=== Section Start ===

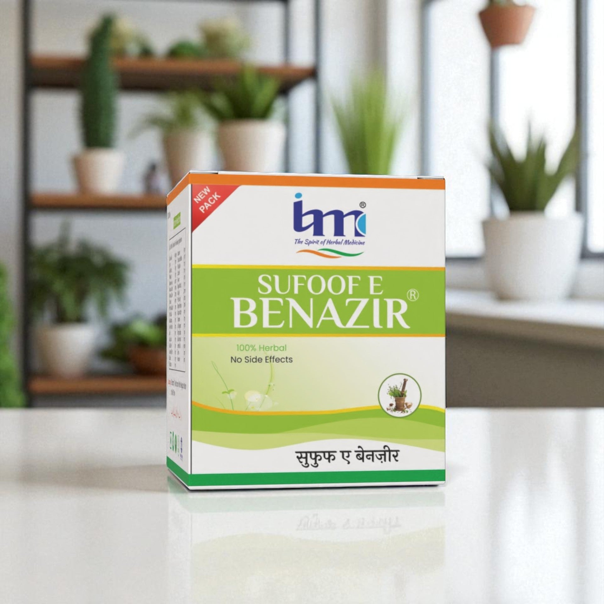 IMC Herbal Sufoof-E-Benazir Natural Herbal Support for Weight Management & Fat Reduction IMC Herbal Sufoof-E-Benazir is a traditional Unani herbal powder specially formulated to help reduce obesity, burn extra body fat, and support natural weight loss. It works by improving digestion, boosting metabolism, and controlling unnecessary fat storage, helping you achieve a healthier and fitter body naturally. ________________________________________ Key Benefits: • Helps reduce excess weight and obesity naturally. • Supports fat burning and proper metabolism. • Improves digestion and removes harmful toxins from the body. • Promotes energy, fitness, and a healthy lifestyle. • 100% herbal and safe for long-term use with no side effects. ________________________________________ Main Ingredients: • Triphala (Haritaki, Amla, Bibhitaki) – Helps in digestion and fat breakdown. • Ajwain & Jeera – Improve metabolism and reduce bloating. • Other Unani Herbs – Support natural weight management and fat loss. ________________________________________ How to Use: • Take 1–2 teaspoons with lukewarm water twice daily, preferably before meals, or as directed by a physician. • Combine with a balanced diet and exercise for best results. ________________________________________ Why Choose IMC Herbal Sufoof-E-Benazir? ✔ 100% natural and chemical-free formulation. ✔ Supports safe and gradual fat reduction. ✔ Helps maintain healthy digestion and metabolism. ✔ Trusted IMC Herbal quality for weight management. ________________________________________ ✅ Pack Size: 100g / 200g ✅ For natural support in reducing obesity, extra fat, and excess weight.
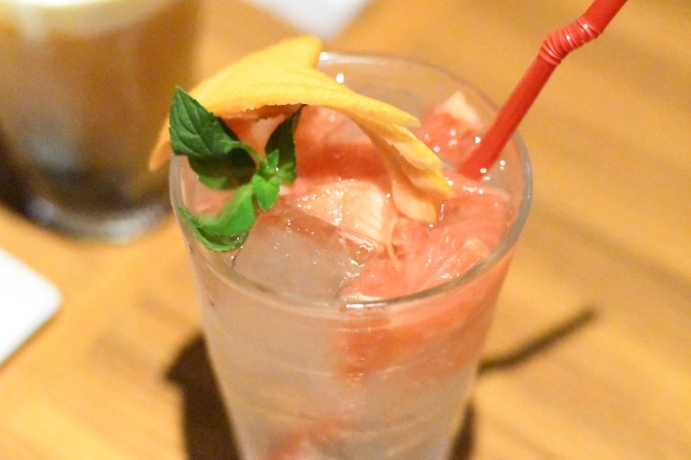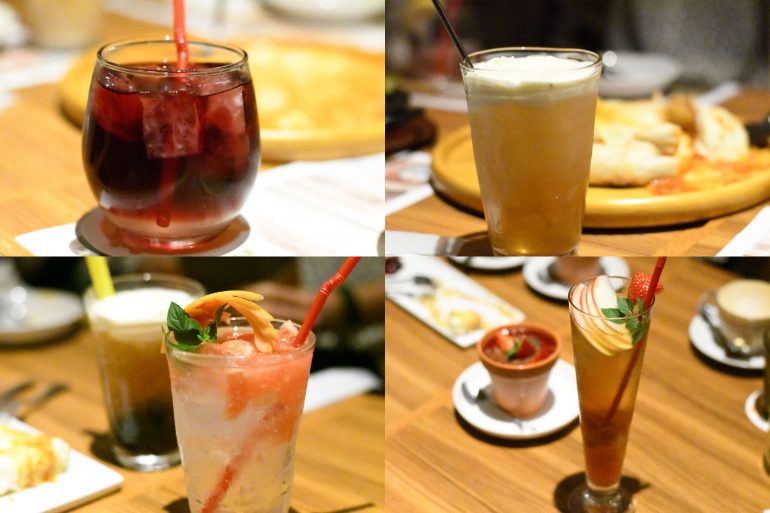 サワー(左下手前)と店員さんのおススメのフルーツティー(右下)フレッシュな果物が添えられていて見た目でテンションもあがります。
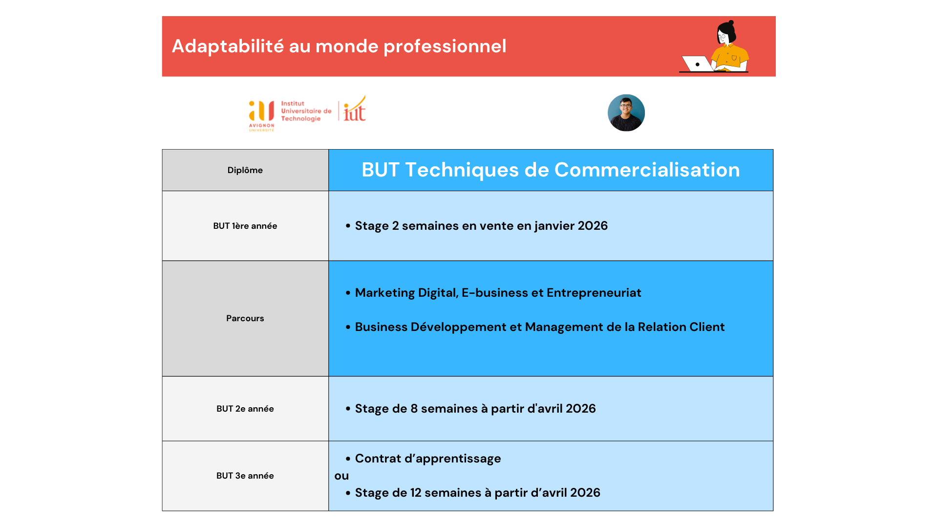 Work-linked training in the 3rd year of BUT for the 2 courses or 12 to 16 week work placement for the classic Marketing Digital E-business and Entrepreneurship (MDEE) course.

=== Section End ===
=== Section Start ===

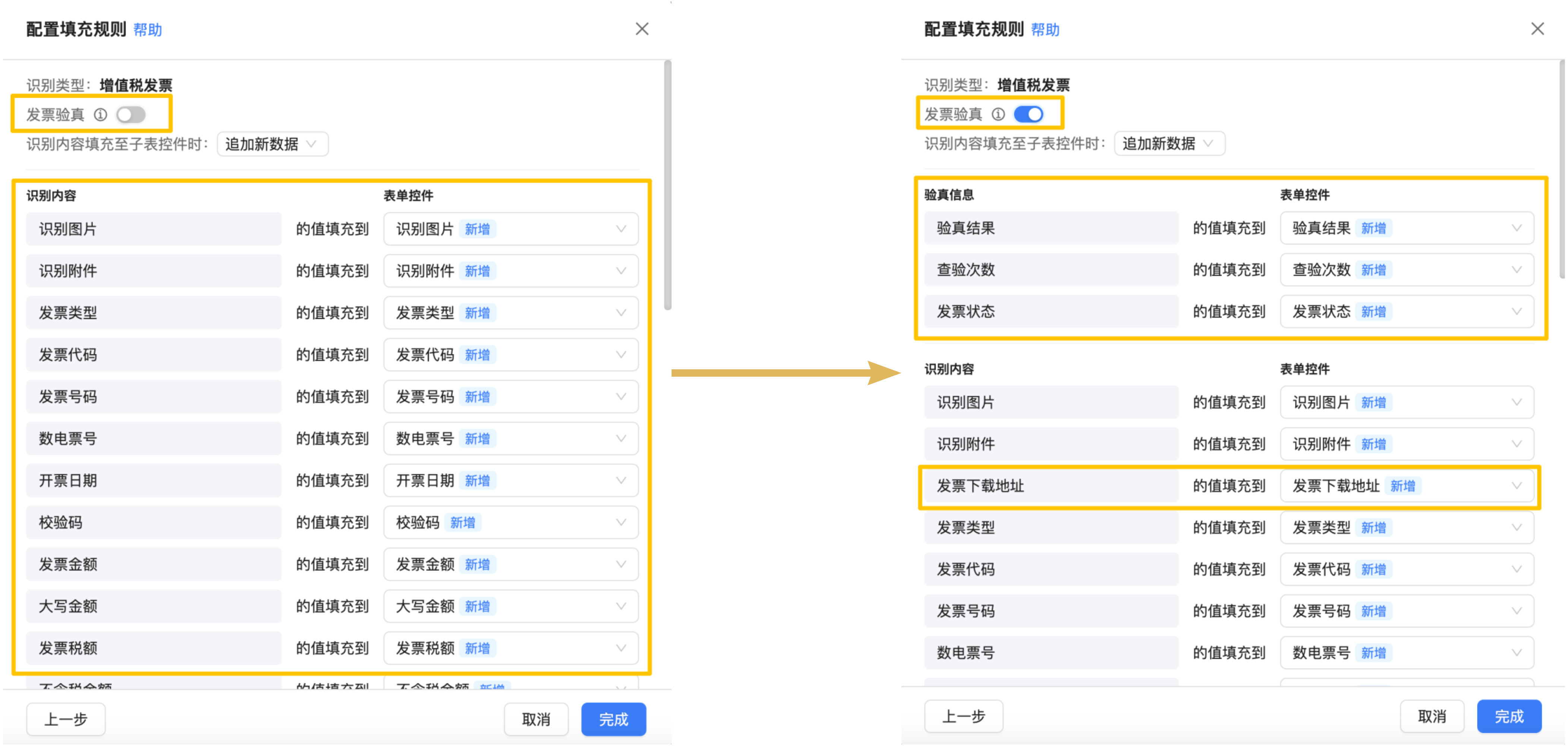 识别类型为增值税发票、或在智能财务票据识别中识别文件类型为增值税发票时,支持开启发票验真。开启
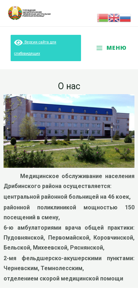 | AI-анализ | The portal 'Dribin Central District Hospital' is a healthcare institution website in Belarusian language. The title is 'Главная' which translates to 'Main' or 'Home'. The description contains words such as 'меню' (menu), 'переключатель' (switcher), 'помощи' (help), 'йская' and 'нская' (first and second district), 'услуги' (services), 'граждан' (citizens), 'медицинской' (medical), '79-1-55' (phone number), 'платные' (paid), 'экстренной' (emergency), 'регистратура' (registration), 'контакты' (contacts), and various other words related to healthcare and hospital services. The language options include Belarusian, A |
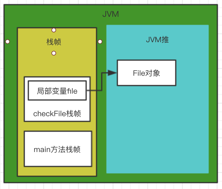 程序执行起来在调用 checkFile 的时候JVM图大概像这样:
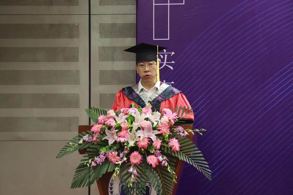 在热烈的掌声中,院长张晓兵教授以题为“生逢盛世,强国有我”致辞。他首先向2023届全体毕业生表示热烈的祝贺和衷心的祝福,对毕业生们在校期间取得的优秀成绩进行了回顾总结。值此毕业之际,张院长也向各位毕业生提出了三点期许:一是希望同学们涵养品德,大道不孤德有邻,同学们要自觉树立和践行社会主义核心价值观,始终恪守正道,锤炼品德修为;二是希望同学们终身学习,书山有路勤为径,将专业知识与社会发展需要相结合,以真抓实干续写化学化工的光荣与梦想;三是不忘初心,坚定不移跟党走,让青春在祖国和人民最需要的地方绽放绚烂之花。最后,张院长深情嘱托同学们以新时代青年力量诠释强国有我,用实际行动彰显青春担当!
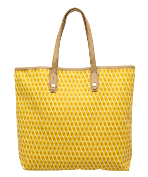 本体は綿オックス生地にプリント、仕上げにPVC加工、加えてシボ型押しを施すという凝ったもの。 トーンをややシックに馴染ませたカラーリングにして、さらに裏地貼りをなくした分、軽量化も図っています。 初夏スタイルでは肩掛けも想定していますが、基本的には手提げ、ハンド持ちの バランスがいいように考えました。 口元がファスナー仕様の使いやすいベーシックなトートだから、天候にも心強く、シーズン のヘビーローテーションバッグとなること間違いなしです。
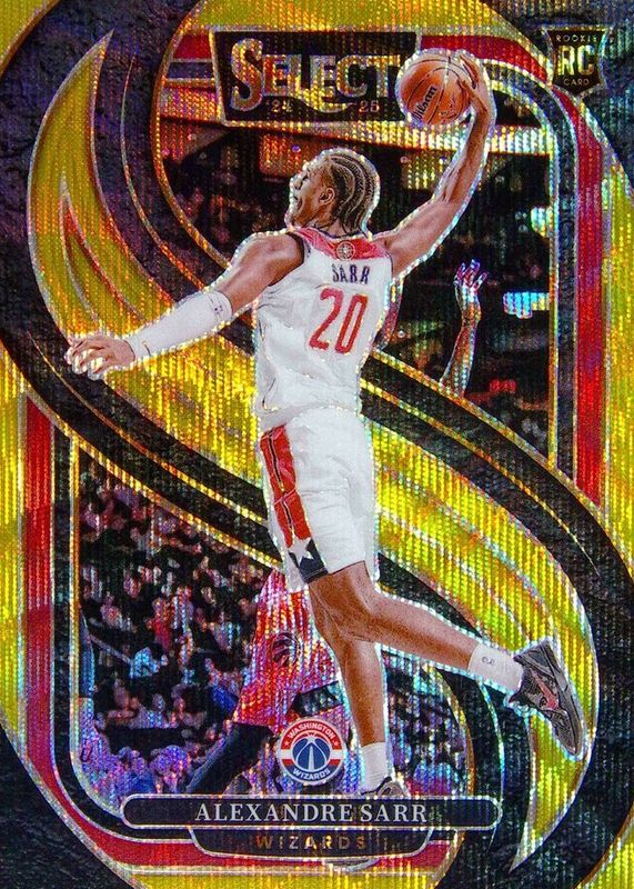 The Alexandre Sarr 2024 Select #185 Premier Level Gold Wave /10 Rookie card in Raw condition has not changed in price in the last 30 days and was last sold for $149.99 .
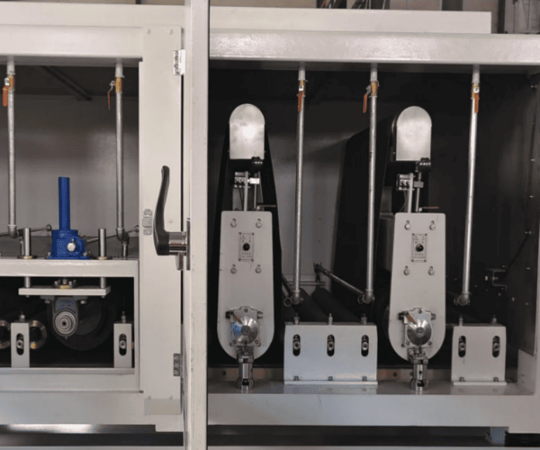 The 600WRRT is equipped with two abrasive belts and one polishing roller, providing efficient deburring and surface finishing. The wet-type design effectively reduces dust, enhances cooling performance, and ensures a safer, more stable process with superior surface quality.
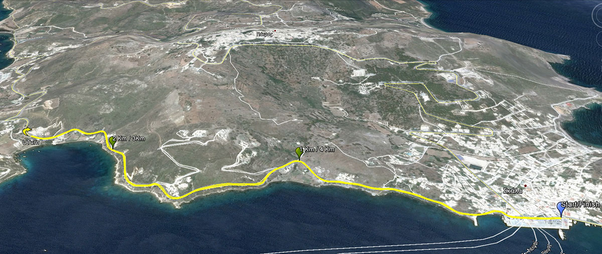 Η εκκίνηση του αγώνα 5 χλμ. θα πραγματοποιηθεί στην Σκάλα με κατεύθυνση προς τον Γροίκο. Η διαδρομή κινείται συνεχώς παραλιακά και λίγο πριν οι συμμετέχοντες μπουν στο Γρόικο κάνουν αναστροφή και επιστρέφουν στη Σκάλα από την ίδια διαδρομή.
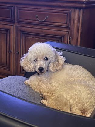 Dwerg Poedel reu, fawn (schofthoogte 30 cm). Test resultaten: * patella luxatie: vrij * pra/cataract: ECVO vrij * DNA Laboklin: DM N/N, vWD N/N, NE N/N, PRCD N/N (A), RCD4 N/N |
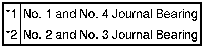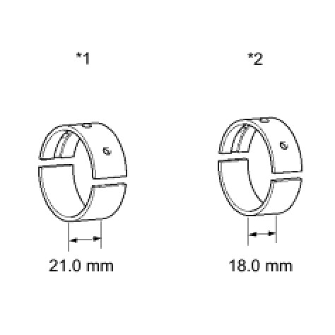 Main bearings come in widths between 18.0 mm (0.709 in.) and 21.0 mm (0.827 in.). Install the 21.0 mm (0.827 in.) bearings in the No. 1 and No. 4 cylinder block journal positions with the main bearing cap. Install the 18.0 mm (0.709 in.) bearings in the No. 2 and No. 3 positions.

=== Section End ===
=== Section Start ===

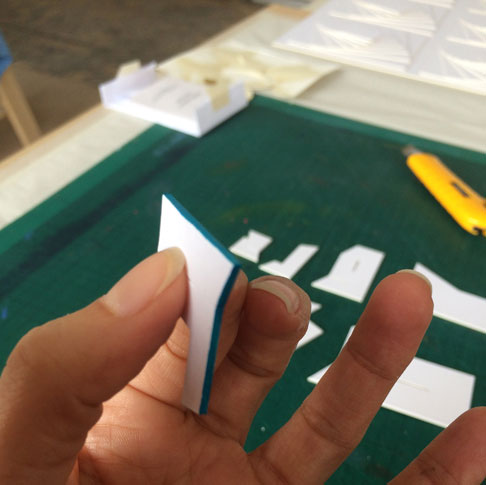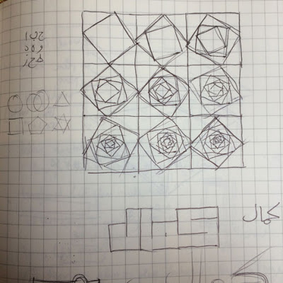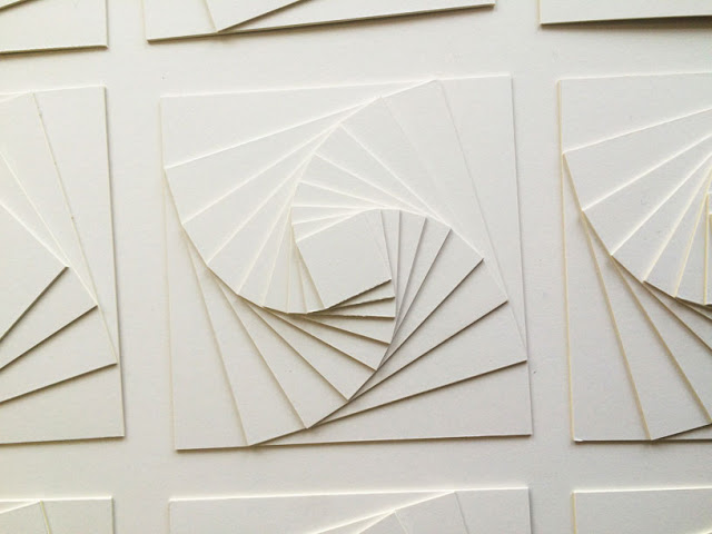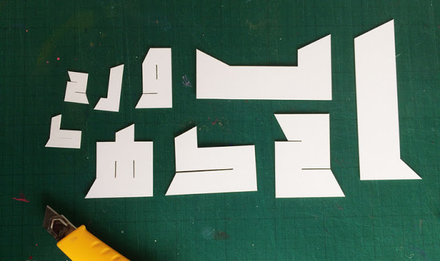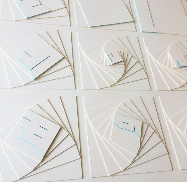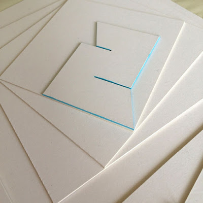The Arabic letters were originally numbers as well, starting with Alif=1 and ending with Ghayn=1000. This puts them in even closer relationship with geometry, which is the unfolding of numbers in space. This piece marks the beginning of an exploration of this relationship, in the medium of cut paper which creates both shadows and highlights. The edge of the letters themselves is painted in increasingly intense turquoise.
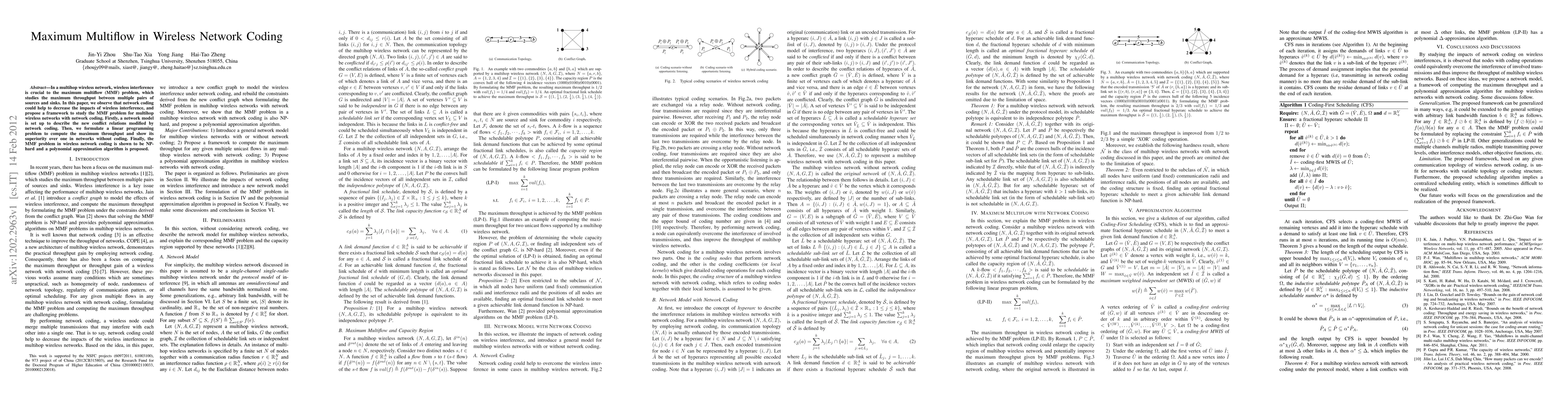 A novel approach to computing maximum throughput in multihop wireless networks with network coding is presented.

=== Section End ===

TASK DIRECTIONS:
Would you write out exactly the lines above, starting at the line containing "Dwerg Poedel reu, fawn" and stopping after the line containing "Main bearings come"? Omit the pictures.

EXERCISE RESPONSE:
 Dwerg Poedel reu, fawn (schofthoogte 30 cm). Test resultaten: * patella luxatie: vrij * pra/cataract: ECVO vrij * DNA Laboklin: DM N/N, vWD N/N, NE N/N, PRCD N/N (A), RCD4 N/N |
 Main bearings come in widths between 18.0 mm (0.709 in.) and 21.0 mm (0.827 in.). Install the 21.0 mm (0.827 in.) bearings in the No. 1 and No. 4 cylinder block journal positions with the main bearing cap. Install the 18.0 mm (0.709 in.) bearings in the No. 2 and No. 3 positions.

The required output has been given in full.